Erysipelas is a rare form of bacterial infection that primarily affects the face or legs. It is a variation of cellulitis (skin infection). However, where cellulitis can occur anywhere on the body and can be caused by a number of different bacteria, erysipelas is usually only caused by the bacteria Streptococcus pyogenes, and only occurs in the locations listed above.
One form of erysipelas, called swine erysipelas, was a persistent problem for pig farmers before the invention of antibiotics. Pigs would routinely die and entire farms could suffer from the disease. What began as injuries, in this case to the entire body, would quickly progress to organ damage and eventually lead to death. Pigs are now routinely inoculated for the disease in the form of preventive doses of antibiotics to avoid contracting the disease.
Erysipelas in humans is still rare. However, it requires immediate treatment. If left untreated, it can damage the heart and joints. If one looks at the lives of interesting people in the past or in family histories, one sees the death of many from erysipelas. Anyone who lived before the development of antibiotics would see the disease progress and settle particularly in the joints, where it would cause a lot of pain. Many in the Victorian era became addicted to opium in an attempt to address the pain of the condition.
Today, erysipelas is almost always recognized. The rash on the face may follow a butterfly pattern, spreading over the nose and cheeks.
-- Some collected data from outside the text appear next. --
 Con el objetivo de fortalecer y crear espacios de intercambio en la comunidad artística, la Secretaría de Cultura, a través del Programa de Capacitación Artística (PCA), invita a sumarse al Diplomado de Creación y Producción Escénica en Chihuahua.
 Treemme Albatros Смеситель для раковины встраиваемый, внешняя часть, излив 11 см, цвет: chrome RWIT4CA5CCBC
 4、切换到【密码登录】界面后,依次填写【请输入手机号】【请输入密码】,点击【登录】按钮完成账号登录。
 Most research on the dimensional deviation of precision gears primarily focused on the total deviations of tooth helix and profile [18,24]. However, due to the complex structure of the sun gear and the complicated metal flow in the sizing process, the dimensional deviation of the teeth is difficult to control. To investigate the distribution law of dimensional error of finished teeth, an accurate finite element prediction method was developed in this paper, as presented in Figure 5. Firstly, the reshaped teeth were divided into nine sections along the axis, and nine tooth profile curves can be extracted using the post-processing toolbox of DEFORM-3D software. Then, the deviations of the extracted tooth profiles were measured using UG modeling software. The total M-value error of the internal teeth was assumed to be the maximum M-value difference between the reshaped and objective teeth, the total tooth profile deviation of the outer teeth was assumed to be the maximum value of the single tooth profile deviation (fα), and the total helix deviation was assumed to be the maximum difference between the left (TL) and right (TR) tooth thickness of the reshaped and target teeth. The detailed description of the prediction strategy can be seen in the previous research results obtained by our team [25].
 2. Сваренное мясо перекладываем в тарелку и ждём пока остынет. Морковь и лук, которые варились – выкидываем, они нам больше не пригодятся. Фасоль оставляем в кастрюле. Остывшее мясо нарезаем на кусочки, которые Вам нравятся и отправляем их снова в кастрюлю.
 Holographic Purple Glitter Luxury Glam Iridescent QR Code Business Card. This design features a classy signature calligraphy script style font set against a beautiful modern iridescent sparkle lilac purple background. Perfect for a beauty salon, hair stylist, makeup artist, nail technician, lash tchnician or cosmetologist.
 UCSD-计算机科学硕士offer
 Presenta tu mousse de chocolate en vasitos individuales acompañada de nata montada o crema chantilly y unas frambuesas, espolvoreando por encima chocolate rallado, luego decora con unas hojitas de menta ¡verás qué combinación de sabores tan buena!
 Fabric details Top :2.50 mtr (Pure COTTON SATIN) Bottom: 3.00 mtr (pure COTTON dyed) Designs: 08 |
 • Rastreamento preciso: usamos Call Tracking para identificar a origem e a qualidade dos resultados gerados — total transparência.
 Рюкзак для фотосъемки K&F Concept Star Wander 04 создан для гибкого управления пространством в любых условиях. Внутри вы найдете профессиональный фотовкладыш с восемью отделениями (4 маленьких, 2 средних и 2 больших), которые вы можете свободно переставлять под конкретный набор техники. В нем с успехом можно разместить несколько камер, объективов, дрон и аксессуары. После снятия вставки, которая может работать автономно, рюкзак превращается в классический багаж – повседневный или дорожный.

Symptoms start quickly, and the rash is raised and turns orange or purple from small blood vessels bleeding into the skin. The pronounced swelling and color of the rash make it difficult to confuse erysipelas with other forms of cellulitis.
The rash is painful and may be accompanied by chills and fever. Such a rash means seeing a doctor as soon as possible to start treatment. Treatment in the early stages usually means a 2-week course of oral penicillin or a penicillin-derived antibiotic. If one is allergic to penicillin, some of the newer antibiotics can be used.
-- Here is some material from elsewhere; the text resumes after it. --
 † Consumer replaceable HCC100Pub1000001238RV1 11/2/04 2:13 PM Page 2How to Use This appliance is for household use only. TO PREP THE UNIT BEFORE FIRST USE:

Erysipelas can spread rapidly, particularly to the joints. When the rash on the face or legs is not treated, people with the infection may require daily doses of antibiotics for life to keep joint infection to a minimum. Usually, however, the signs of the infection are so severe and painful that people will seek treatment early.
Anyone can get erysipelas, but it seems to be more prevalent among the very young and the elderly. There are several predisposing factors for contracting erysipelas. Most often, the bacteria enter a fresh surgical wound, and such swelling around the wound usually means at least some form of cellulitis. Insect bites, cuts, and pimples can expose one to the causative bacteria. On the face, this bacterium is commonly found in the nose and is responsible for most erysipelas found on the face.
Some populations are more likely to get erysipelas. Anyone with an autoimmune disease like lupus or HIV is at higher risk. Those who have poor blood perfusion through blocked veins, reduced heart function, or heart defects are also more likely to get the infection. Those who live in persistently unsanitary conditions, such as the homeless, seem more likely to get erysipelas. In addition, alcoholism is a risk factor for erysipelas and a number of other infections.